The ability to invert the mouse buttons has been present since at least Windows 95. Not a surprise, since handedness is possibly the most important mouse setting. However, when I bought my Microsoft keyboard, Windows automatically installed the modern Microsoft Mouse and Keyboard Center. I had previously noticed that the center was a regression for people often moving their mouse to the other side like me. Rather than controlling a checkbox in the control panel, inverting the buttons requires to redefine the behavior of each button via the Microsoft Mouse and Keyboard Center. Microsoft's configuration center removed the checkbox from the control panel.

What I hadn't noticed is that if your mouse is not supported, it does not appear in the Microsoft Mouse and Keyboard Center. And the control panel's checkbox is still gone. So if you own a Logitech or some even rarer mouse like I do, you're not dreaming. There is actually no way to invert your mouse buttons with this software installed, even in Windows 8.1. And this is not a new problem! Worse, I believe Microsoft Mouse and Keyboard Center had at least one useful feature: when you invert buttons with it, your RDP sessions will handle clicks correctly, as opposed to the default behavior from Windows, which I will be forced to live with.

In a sense, I'd like to think that this is an abuse of vendor lock-in. Because if it's not, this is proof of terrific incompetence.

Microsoft Outlook 2013 and IMAP - ouch

admin Monday March 10, 2014

After catastrophic issues with our file server caused by Outlook PST files, I've been trying to move from POP to IMAP at the office. A few months ago I did a first step, migrating my own mailbox. This was a very painful process.

Even though I'm using version 2013, which has had "a significant investment in IMAP", the result is impressively bad. The system tray's envelope icon, which shows when you have unread mail, now appears every few minutes. This feature becomes worthless and I gave up on it.

2 weeks ago, I started working from home thanks to our VPN. I was amazed to see huge bandwidth usage on the VPN ever since. I realized yesterday that the culprit was Outlook, which wastes close to a megabyte of bandwidth per minute, even when it's merely idling. That's right - even if I'm not using Outlook and not even receiving mails, Outlook will download about 28 GB per month, which is about half of my bandwidth limit. This happens even though I reduced my number of folders below 50 and my mailbox's size just above 1 GB. It doesn't depend on whether the server interval is 1 or 10 minutes (the latter being the maximum). Traffic shows that Outlook is doing something at a regular interval, about 18 times per hour. Yet, it seems to support IMAP IDLE (that is, mail is fetched instantly).

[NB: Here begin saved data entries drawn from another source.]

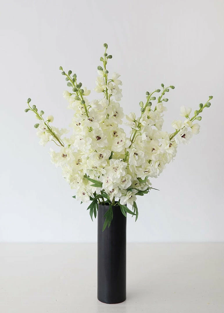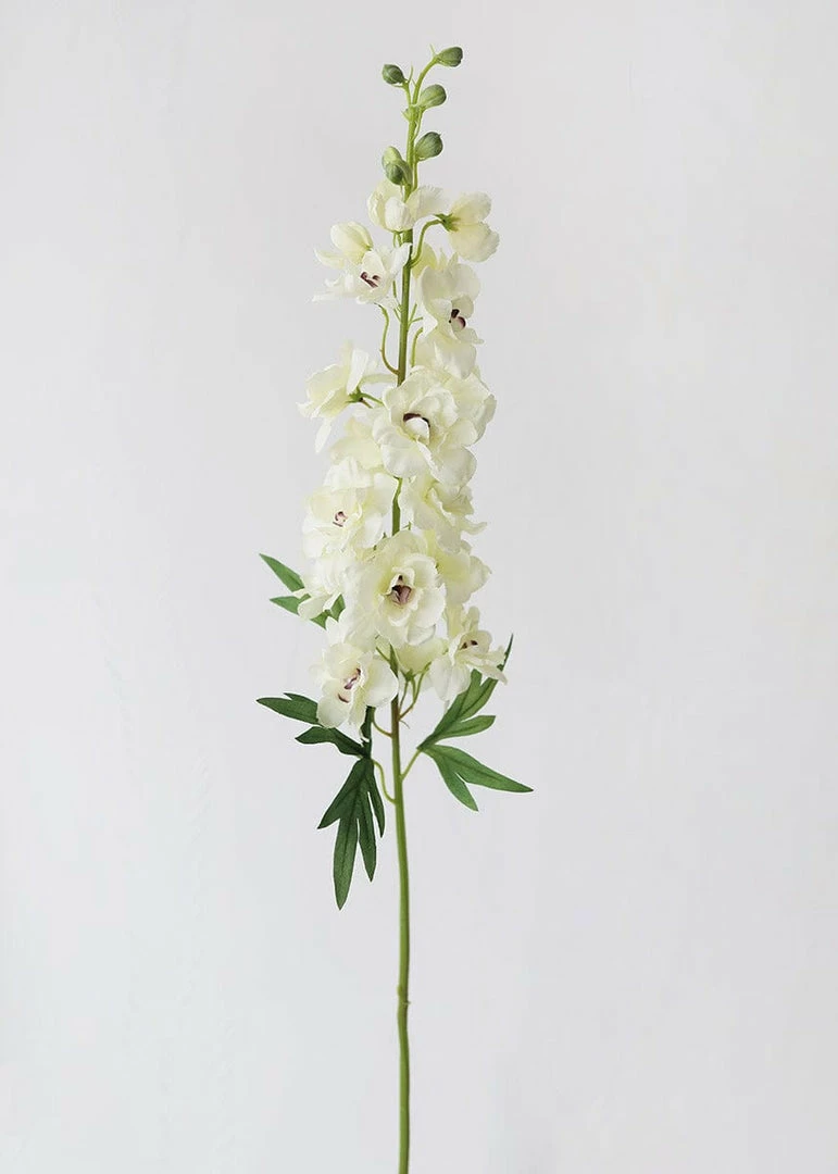 Find cream artificial flowers, like this gorgeous cream faux delphinium larkspur spray. This delphinium wildflower looks stunning in a tall vase arrangement, or add intricate detail to your classic wedding bouquet!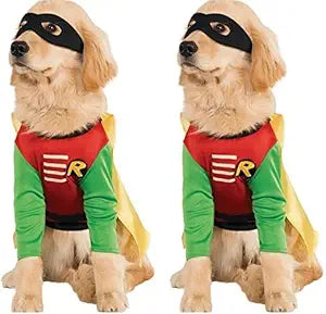 Transform your furry friend into a superhero with the officially licensed DC Comics Teen Titans Robin pet costume, featuring a vibrant red shirt with green sleeves, a detachable cape, and an eye mask perfect for any pet dress-up occasion or Halloween party! To ensure your pet achieves the best fit, be sure to consult the Rubie's pet size chart and watch the sizing instruction video, as not all costumes are suitable for every breed without some adjustments. Remember that while measuring your pet, flat measurements may not capture their three-dimensional shape; the costume offers some stretch for added comfort. Don't miss out on exploring Rubie's matching costumes for humans, including your favorite characters like Superman, Batman, and Wonder Woman, to create a spectacular group theme! Before making your purchase, please check recent reviews and Q&As to find the ideal style for your pet’s unique shape. Dress your pet as Robin, and let them join the fun in a heroic fashion this Halloween or at any costume party!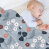 Soscooter Light Gray Blue Flannel Blanket Floral Pattern Soft Cozy Blanket with White Orange Brown Flowers for Sofa Bed 40x50 inches

To be fair, I haven't tried to reproduce this with a fresh profile. I'll just dump Outlook for the time being.

Update: There is a pretty straightforward workaround: changing the send/receive interval. One way to do it is via the Advanced options, Send and receive section. Click "Send/Receive..." and adjust the interval for the default group.

Unfortunately, even though I thought my inbox showed mail instantly, it apparently doesn't. After changing the interval to an hour, it now takes time to notice new mail.

Meta-debate

admin Thursday November 28, 2013
Larry Wall wrote:
We all agree on the necessity of compromise. We just can't agree on when it's necessary to compromise.